** Opening EXCERPTED DATA block **
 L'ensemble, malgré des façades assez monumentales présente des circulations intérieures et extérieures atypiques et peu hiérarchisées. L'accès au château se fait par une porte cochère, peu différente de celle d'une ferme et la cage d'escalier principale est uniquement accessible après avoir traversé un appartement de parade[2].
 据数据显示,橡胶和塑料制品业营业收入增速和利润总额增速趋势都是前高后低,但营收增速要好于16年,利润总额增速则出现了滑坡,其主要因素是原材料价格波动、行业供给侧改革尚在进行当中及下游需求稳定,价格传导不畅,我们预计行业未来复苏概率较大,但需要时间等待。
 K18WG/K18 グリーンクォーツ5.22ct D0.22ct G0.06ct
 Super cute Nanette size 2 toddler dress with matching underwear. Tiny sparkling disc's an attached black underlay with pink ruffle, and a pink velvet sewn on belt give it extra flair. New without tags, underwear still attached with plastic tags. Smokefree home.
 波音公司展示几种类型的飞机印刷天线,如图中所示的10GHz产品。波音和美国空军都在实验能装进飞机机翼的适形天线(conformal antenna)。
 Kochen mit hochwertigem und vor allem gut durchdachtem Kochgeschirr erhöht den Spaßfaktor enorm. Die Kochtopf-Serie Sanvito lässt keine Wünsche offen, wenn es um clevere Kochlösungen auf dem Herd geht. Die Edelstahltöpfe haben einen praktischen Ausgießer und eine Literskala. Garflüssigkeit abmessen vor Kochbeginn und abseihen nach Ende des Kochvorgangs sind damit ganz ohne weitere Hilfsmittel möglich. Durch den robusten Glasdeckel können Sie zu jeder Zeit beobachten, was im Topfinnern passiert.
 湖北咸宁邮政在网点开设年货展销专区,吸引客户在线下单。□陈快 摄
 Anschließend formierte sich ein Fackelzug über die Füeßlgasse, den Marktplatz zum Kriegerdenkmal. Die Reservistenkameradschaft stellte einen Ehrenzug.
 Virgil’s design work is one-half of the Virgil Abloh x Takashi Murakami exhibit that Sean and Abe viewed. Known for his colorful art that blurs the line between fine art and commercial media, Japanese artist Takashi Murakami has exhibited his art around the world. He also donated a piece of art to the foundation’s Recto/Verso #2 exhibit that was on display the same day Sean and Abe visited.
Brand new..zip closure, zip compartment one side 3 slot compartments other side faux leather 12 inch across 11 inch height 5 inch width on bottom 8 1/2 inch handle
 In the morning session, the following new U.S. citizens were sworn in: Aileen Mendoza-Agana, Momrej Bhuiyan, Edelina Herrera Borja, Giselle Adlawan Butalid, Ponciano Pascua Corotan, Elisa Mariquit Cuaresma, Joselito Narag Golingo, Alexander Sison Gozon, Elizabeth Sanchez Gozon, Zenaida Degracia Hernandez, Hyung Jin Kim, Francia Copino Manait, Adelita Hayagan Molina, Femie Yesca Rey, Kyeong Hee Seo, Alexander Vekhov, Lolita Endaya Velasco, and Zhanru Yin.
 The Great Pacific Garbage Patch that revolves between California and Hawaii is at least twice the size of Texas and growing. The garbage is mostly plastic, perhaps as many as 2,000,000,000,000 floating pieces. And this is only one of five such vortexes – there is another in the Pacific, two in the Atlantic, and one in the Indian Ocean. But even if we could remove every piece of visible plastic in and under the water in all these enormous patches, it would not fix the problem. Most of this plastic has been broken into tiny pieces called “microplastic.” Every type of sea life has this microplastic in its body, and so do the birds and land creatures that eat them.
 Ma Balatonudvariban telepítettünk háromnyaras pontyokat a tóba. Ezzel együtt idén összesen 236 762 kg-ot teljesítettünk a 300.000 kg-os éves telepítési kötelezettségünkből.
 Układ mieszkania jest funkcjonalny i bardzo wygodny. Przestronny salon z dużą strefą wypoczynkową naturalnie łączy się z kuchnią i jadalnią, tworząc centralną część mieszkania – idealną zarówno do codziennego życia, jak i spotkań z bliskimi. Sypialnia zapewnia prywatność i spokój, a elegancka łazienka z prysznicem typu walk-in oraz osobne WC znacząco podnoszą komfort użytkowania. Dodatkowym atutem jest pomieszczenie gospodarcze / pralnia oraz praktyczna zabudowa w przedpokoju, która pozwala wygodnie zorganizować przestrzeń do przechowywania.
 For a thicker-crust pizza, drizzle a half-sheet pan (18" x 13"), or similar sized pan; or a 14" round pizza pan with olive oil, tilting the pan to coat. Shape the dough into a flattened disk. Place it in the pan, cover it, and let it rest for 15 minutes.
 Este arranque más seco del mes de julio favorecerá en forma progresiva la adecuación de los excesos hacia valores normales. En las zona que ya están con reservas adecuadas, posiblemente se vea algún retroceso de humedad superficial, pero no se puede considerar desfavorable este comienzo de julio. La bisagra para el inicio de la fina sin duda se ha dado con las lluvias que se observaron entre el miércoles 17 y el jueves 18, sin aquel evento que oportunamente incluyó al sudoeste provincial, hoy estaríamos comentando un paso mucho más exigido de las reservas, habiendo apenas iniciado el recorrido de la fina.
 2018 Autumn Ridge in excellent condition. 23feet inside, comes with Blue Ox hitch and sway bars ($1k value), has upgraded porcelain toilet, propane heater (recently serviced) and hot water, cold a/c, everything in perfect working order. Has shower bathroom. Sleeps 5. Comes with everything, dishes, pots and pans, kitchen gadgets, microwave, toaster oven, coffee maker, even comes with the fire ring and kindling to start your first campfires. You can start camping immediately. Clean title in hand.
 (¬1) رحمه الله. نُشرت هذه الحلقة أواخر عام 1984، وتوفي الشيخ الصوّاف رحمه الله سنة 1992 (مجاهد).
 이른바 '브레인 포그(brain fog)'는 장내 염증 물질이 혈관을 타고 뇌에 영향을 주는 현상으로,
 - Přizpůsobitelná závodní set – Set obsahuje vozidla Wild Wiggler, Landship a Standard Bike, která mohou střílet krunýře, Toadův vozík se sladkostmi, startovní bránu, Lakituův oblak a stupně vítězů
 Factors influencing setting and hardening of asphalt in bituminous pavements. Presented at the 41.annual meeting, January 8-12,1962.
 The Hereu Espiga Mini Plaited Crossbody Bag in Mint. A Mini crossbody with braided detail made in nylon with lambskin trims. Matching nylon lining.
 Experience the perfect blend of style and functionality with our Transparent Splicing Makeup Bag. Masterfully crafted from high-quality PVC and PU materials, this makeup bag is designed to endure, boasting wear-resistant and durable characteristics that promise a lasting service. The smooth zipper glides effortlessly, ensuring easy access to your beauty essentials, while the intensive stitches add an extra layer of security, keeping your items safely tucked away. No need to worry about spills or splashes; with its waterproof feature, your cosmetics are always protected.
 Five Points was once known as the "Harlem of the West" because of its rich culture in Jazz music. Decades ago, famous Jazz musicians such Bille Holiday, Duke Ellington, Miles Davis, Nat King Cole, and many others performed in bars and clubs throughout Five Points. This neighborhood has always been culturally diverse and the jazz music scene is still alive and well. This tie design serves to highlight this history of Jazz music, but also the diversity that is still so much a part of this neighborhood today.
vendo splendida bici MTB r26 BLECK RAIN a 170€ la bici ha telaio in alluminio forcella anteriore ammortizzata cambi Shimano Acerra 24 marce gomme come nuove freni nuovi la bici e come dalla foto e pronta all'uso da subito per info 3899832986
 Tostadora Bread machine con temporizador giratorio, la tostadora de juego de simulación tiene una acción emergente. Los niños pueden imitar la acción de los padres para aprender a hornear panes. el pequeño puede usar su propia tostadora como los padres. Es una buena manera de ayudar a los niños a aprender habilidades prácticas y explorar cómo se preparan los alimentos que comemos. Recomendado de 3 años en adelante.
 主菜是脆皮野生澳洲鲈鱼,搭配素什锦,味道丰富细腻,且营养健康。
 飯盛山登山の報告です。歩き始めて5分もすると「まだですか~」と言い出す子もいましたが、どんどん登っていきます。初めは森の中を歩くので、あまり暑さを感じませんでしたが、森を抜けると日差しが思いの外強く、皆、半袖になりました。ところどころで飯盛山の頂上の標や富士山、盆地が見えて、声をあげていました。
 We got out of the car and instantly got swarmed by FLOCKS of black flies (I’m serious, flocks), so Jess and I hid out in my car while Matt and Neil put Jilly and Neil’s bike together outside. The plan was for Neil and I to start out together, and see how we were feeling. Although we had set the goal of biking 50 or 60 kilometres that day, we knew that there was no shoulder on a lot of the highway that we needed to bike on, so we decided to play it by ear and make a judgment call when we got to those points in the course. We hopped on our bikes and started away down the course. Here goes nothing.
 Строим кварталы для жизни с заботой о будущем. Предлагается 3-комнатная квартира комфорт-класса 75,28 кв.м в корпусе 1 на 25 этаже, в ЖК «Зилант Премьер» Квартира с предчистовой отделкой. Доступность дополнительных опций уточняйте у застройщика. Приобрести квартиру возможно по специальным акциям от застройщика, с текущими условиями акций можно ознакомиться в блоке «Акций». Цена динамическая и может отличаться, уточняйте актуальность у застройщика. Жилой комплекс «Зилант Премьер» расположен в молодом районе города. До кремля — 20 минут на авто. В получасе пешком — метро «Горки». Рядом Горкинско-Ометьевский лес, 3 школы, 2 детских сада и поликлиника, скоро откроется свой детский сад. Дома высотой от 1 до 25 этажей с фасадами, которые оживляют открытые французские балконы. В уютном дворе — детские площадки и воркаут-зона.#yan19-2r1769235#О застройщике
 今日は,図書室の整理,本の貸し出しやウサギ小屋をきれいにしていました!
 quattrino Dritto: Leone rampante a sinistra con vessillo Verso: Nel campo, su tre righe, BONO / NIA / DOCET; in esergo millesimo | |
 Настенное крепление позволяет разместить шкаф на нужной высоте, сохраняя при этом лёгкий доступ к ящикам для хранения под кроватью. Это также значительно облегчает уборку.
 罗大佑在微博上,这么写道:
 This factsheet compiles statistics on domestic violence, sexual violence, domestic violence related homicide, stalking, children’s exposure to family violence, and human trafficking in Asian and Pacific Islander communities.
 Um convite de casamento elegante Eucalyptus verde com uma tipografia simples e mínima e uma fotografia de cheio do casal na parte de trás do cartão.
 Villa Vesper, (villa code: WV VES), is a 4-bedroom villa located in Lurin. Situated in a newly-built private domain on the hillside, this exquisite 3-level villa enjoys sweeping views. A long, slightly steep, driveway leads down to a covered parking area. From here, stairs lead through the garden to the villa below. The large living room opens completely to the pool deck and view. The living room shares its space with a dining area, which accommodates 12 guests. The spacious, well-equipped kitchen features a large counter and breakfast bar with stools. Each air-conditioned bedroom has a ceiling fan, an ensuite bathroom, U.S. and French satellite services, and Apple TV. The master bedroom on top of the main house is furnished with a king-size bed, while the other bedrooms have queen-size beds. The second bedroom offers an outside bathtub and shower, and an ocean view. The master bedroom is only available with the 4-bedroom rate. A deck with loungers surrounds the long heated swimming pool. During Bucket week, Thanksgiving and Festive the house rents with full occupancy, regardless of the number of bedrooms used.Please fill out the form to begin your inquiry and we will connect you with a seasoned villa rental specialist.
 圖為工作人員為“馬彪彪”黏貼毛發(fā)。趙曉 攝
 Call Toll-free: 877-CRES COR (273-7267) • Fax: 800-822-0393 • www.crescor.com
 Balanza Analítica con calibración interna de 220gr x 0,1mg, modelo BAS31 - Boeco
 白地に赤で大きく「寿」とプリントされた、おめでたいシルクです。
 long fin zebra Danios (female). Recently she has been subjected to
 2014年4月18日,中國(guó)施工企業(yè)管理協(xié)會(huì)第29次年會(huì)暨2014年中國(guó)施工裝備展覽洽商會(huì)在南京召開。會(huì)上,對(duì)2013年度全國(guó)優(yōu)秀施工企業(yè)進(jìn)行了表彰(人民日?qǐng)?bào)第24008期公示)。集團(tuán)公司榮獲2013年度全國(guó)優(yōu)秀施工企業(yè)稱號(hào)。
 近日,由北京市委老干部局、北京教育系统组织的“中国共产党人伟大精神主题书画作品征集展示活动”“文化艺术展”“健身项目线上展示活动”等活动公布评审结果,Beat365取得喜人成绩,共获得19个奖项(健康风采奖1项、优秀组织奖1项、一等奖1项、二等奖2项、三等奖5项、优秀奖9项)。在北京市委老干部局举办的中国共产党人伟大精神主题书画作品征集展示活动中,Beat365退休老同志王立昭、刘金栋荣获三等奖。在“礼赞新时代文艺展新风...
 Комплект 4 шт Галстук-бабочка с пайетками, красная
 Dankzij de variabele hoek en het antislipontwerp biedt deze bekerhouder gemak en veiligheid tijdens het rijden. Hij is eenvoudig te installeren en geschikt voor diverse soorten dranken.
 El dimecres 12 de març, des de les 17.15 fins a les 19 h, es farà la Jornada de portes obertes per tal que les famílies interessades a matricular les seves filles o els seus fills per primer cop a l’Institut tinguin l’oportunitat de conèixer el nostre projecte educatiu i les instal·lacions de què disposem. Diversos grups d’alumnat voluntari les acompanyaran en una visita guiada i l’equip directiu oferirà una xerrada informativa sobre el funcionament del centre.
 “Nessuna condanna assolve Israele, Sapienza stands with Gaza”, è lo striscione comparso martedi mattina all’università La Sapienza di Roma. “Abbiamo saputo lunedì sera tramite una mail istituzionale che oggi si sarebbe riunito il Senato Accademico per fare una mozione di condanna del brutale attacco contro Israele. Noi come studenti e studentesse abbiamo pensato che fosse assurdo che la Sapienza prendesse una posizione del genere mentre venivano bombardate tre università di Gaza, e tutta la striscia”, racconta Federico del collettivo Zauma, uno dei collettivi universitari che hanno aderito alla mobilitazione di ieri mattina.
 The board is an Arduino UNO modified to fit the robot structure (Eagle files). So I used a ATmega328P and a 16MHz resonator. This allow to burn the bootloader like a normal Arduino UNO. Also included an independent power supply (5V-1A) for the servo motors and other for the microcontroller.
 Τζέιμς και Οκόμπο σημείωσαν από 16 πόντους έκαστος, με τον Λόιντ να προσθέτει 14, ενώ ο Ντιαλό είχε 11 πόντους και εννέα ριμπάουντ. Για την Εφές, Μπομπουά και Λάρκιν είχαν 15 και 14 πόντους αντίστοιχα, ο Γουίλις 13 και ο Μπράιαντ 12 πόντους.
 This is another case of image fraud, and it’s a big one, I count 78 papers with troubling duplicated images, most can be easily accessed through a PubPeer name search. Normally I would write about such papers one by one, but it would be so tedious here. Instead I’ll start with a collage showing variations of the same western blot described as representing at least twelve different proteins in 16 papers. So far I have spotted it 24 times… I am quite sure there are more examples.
** Closing EXCERPTED DATA block **
Only the lines above starting at the line that holds "据数据显示,橡胶和塑料制品业" and ending at the line that holds "Brand new..zip closure, zip" are to be repeated, exactly and in full.

 据数据显示,橡胶和塑料制品业营业收入增速和利润总额增速趋势都是前高后低,但营收增速要好于16年,利润总额增速则出现了滑坡,其主要因素是原材料价格波动、行业供给侧改革尚在进行当中及下游需求稳定,价格传导不畅,我们预计行业未来复苏概率较大,但需要时间等待。
 K18WG/K18 グリーンクォーツ5.22ct D0.22ct G0.06ct
 Super cute Nanette size 2 toddler dress with matching underwear. Tiny sparkling disc's an attached black underlay with pink ruffle, and a pink velvet sewn on belt give it extra flair. New without tags, underwear still attached with plastic tags. Smokefree home.
 波音公司展示几种类型的飞机印刷天线,如图中所示的10GHz产品。波音和美国空军都在实验能装进飞机机翼的适形天线(conformal antenna)。
 Kochen mit hochwertigem und vor allem gut durchdachtem Kochgeschirr erhöht den Spaßfaktor enorm. Die Kochtopf-Serie Sanvito lässt keine Wünsche offen, wenn es um clevere Kochlösungen auf dem Herd geht. Die Edelstahltöpfe haben einen praktischen Ausgießer und eine Literskala. Garflüssigkeit abmessen vor Kochbeginn und abseihen nach Ende des Kochvorgangs sind damit ganz ohne weitere Hilfsmittel möglich. Durch den robusten Glasdeckel können Sie zu jeder Zeit beobachten, was im Topfinnern passiert.
 湖北咸宁邮政在网点开设年货展销专区,吸引客户在线下单。□陈快 摄
 Anschließend formierte sich ein Fackelzug über die Füeßlgasse, den Marktplatz zum Kriegerdenkmal. Die Reservistenkameradschaft stellte einen Ehrenzug.
 Virgil’s design work is one-half of the Virgil Abloh x Takashi Murakami exhibit that Sean and Abe viewed. Known for his colorful art that blurs the line between fine art and commercial media, Japanese artist Takashi Murakami has exhibited his art around the world. He also donated a piece of art to the foundation’s Recto/Verso #2 exhibit that was on display the same day Sean and Abe visited.
Brand new..zip closure, zip compartment one side 3 slot compartments other side faux leather 12 inch across 11 inch height 5 inch width on bottom 8 1/2 inch handle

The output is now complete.